Anderson goes on to critique efficiency as only valuing worker's interests relative to their wealth. This is of course true, the idea being that in an efficient market, wealth results from either labor productivity or allocative decisions that better align resources with needs. It does not, however, have anything to do with how one considers people's interests outside of the efficient market. The point of the efficient market is to generate a massive amount of resources. I would argue that this is an extremely ethically relevant goal. How one values the interests of people with respect to those resources, is an entirely different ethical question. Many economists in Cowen's camp are vehemently oppose income inequality, and believe in substantial wealth redistribution through tax and spending schemes. The difference between that focus and Anderson's is that it preserves the efficiency of the market, because it generates efficient markets create much wealth, and then makes sure that those who do not benefit directly from efficient markets still get their fair share.

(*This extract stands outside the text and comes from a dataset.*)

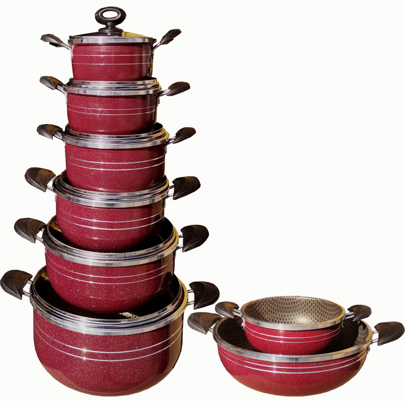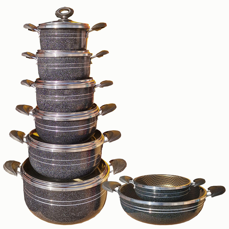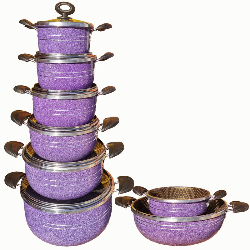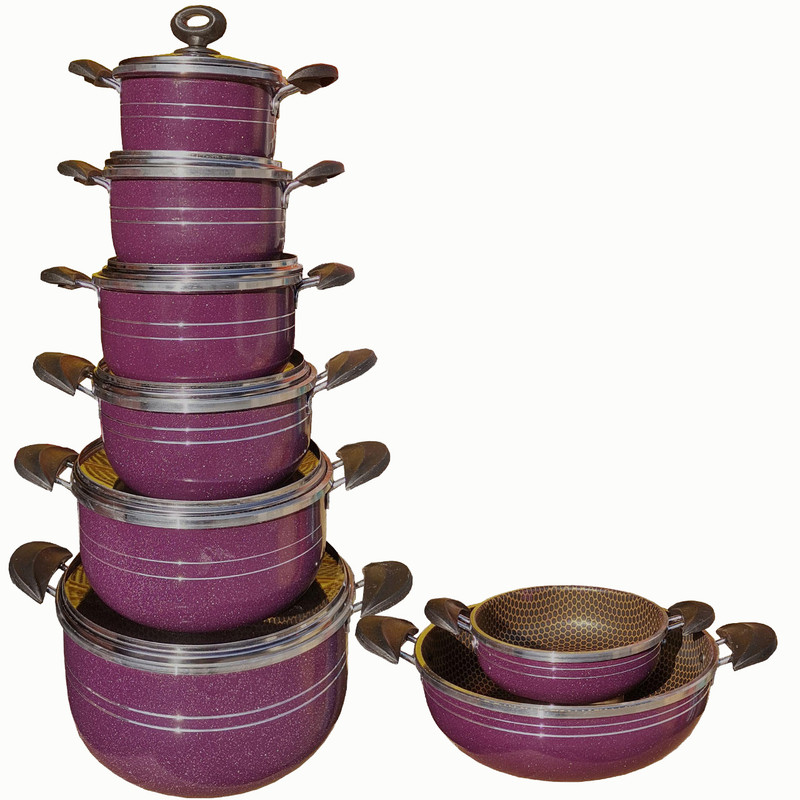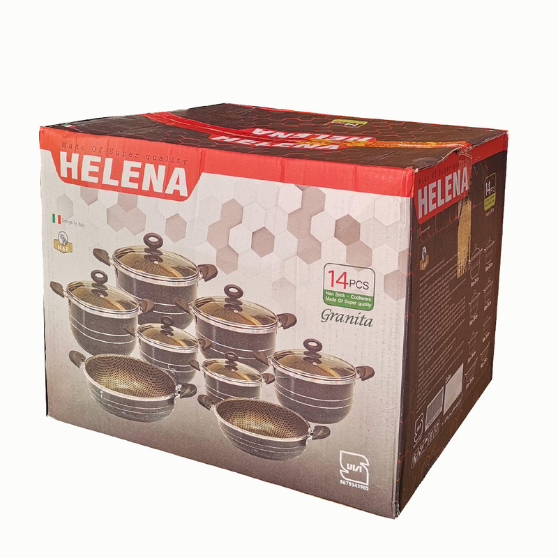 سرویس 14پارچه تابه و قابلمه هلنا سرویس قابلمه 14 پارچه هلنا طرح زنبوری دارای: - شش عدد قابلمه ی 1، 2، 3، 4، 6 و 8 نفره و دو عدد تابه 3 و 8 نفره می باشد. - قابلمه ها دارای شش عدد درب پیرکس هستند و برای تابه ها می توانید مشترکا از درب قابلمه ها استفاده کنید. - پوشش داخلی گرانیت و رنگ بیرونی کوره ای می باشد. - هر محصول دارای رو عدد دستگیره عایق می باشد.سرویس طرح کندو(زنبوری)است. مهر استاندارد دارد. ضخامت لبه 5 میلیمتر است ضخامت بدنه 2 میلیمتر است دسته ها مقاوم در برابر گرما هستند

The fact that Cowen "begs the question in favor of workplace dictatorship by choosing efficiency as his measure" is therefore a mark in his favor (143). Efficiency is an ethically relevant measure. The fact that workplace dictatorship is conducive to it is a real ethical consideration in favor of workplace dictatorship. That's why the monopsony point is so important. What Cowen really messes up, as I discuss above, is that workplace dictatorship, to the extent that it exists today, is actually not an indicator of efficient markets, but of market power for employers. This is why I appreciate Anderson's overall argument. Of course, if workplace hierarchies were a product of efficient markets, there would likely still be a case to remedy them. This remedy, however, would be closer to the redistributive schemes that economists like Cowen adovcate for and would occur outside the workplace, giving workers more power without messing up efficiency. However, workplace dictatorship is not a result of efficient markets, but of monopsony. For that reason, I support Anderson's conclusions.